I would call your local 4H. Around me you don't have to have registered animals for 4H. Only need a scrapies tag or tattoo.


----------



## Emzi00 (May 3, 2013)

In my 4h the goats don't need to be registered, but either need a scrapies tag in their ear or a tattoo and identification papers that match the tattoo. You could always have them tattooed and get a certificate of identification from the ADGA. A good way to find 4h clubs is to go to the local fair, or if you know anyone in 4h you could join their club


----------



## enchantedgoats (Jun 2, 2013)

Again registration requirements may be differnt in your state, but if you dont have a registration you do have to have a id paper from adga to show grade goats, but if you are going to spend the money for the id paper it is cheaper to register them with IDGR, I know this only because we went through alot of red tape to get the grade nigerians able to show we ended up doing both until we found out that theIDGR papers were more acceptable than the ID papers. I cant say enough good about IDGR as they were so easy to deal with especially compared to ADGA, and I'm an ADGA member too!!


----------



## caprine crazy (Jun 12, 2012)

Usually they don't have to be registered. but call your county extension agent and they can tell who to call for the goat club and whatnot. And FYI in most areas if you have a doe that is infertile (not able to breed) you cannot show her. Unless you have pet class you can show her in.


----------



## LamanchaAcres (Jan 11, 2013)

At our fair/4h club its a must that any show dairy goat animal is to be registered.


----------



## Gary_and_Ash (Aug 9, 2013)

At my fair, females with pygmy and Nigerian are allowed. So are purebred Nigerians. 4-h fees cost about $50.


----------



## HoosierShadow (Apr 20, 2010)

I'm in KY and here, they have to be registered breeding stock, or tagged as market animals or commercials meat does. I would certainly call your county extension office, and get a hold of the 4-H leader to get information, since it's different everywhere you go. 
In our area, Boer goats/meat goats rule the roost, but there are also a lot of dairy goats, most are large breed, I've yet to see a Nigerian dwarf here at the shows. Yet, in other places/states dairy goats are very very popular.


----------



## goathiker (Apr 14, 2011)

Last I knew you do not have to have registered stock at all. Only Scrapies ID. Just go to your County Extension service. They will direct you to the clubs and such. Dairy goats are not popular at our fair but, are at others. Now is a good time to join. The county fairs are over pretty much so, you'll have a year to learn what you need to do.


----------



## enchantedgoats (Jun 2, 2013)

yes but the Scrapies ID has to correspond to an ID paper issued by ADGA ($13) or an IDGR grade reg paper ($5) which you can upgrade to american in 3 gens same as adga. they are the only registry that takes grade nigerians, this 4-H er has grade nigerians so it would make sense to register with IDGR. Dont you agree goat hiker?













h


----------



## enchantedgoats (Jun 2, 2013)

Gary_and_Ash said:


> At my fair, females with pygmy and Nigerian are allowed. So are purebred Nigerians. 4-h fees cost about $50.

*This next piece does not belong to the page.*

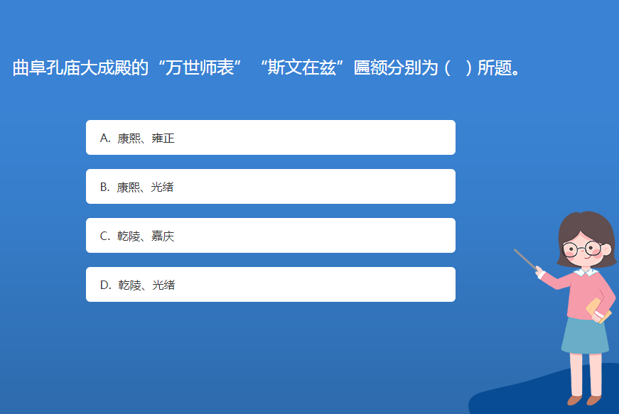 科普星空体育官网入口网站問答:曲阜孔廟大成殿的“萬世師表”“斯文在茲”匾額分別為( )所題。
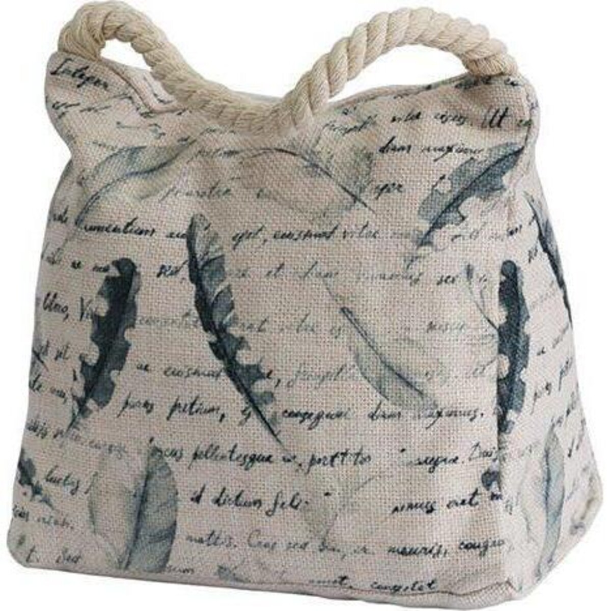 Doorstops sit at the door barely getting much attention - but when they have interesting designs and shapes that add to the look of that space too. The humble doorstop has a functional role that makes them stay close to the door, on the floor and generally they are there all alone, which is also the reason why their looks matter as much as the canvas on the wall, because they sure will be noticed. Creating a semblance of elegance in its looks is the lovely doorstop that sits rather well on its broad base and carries out its duty with such style. The rope handle allows t to be picked up easily and its height and weight makes it rather simple to keep the door ajar. The jacket n the stop is made of linen in an off white colour with a print. Very chic ad stylish, it is sure going to be noticed for its prettiness as much for its functionality. Could be used in any part of the house. Its height is about 12 cm and its width and depth 18 cm each. The feather print on the linen canvas makes the appearance rather pleasing.

 holy smokes thats high! here 4-H is a dollar a year. there are no entry fees for 4-H fairs but the fair will charge for camping space. It varies from fair to fair about providing hay and bedding. Our county fair provides breakfast everyday for the 4-h members.


----------



## goathiker (Apr 14, 2011)

Here 4-H is free and no the scrapies tags only have to show herd of origin. Oregon only follows USDA guidelines. We don't add a bunch more to it.


----------